### TASK GOAL:
Up to and including the line with "g $MgSO_4$。在30 ℃时,为从1000 g海水中获得", write out the listing from its first line, minus the pictures.
══ INPUT DATA ══
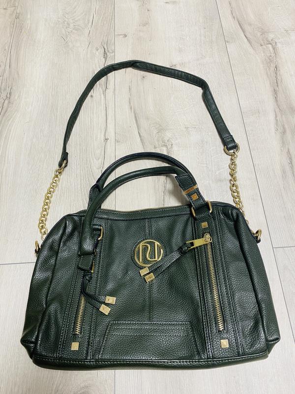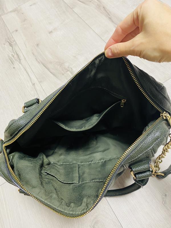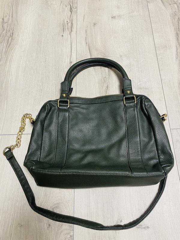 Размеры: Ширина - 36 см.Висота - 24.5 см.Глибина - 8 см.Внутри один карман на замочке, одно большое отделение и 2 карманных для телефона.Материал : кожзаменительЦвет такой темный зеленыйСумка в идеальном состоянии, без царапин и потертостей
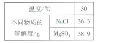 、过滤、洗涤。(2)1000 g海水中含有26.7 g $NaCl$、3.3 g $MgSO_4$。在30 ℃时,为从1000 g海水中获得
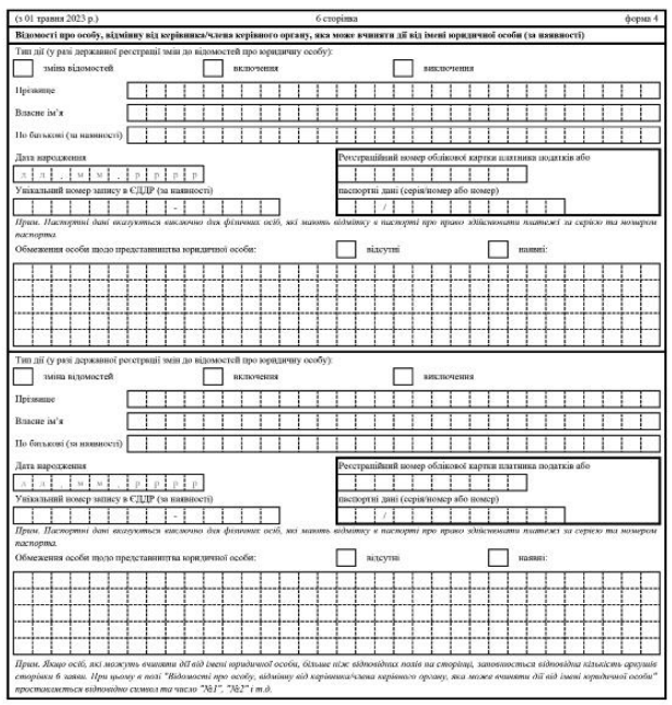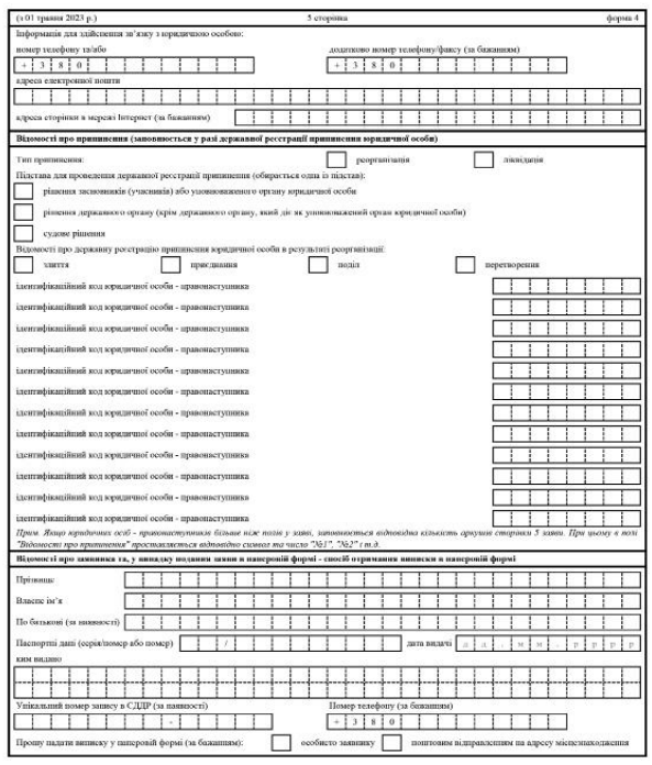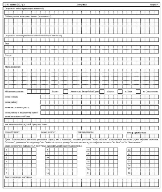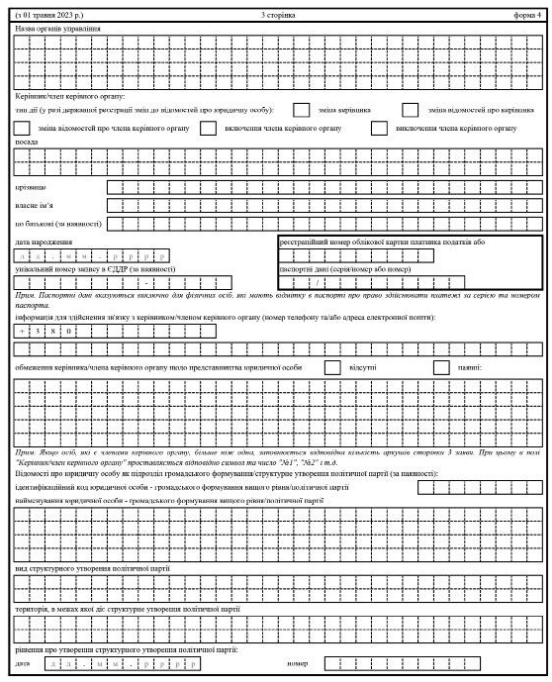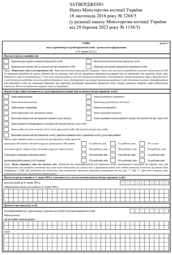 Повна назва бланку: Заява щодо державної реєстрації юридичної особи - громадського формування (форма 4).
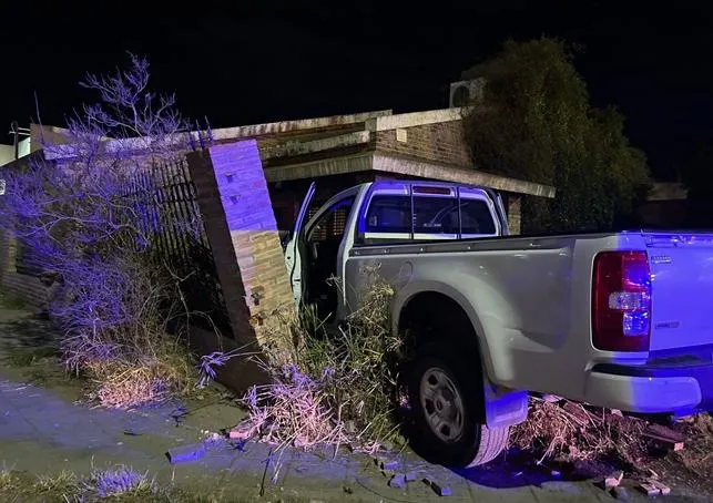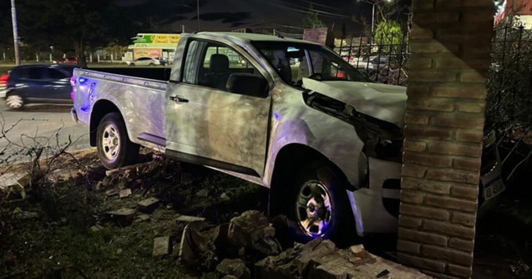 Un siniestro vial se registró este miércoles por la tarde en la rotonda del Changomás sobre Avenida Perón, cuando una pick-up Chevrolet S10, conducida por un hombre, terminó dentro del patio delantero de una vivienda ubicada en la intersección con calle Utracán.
═══
### TASK RESPONSE:
 Размеры: Ширина - 36 см.Висота - 24.5 см.Глибина - 8 см.Внутри один карман на замочке, одно большое отделение и 2 карманных для телефона.Материал : кожзаменительЦвет такой темный зеленыйСумка в идеальном состоянии, без царапин и потертостей
 、过滤、洗涤。(2)1000 g海水中含有26.7 g $NaCl$、3.3 g $MgSO_4$。在30 ℃时,为从1000 g海水中获得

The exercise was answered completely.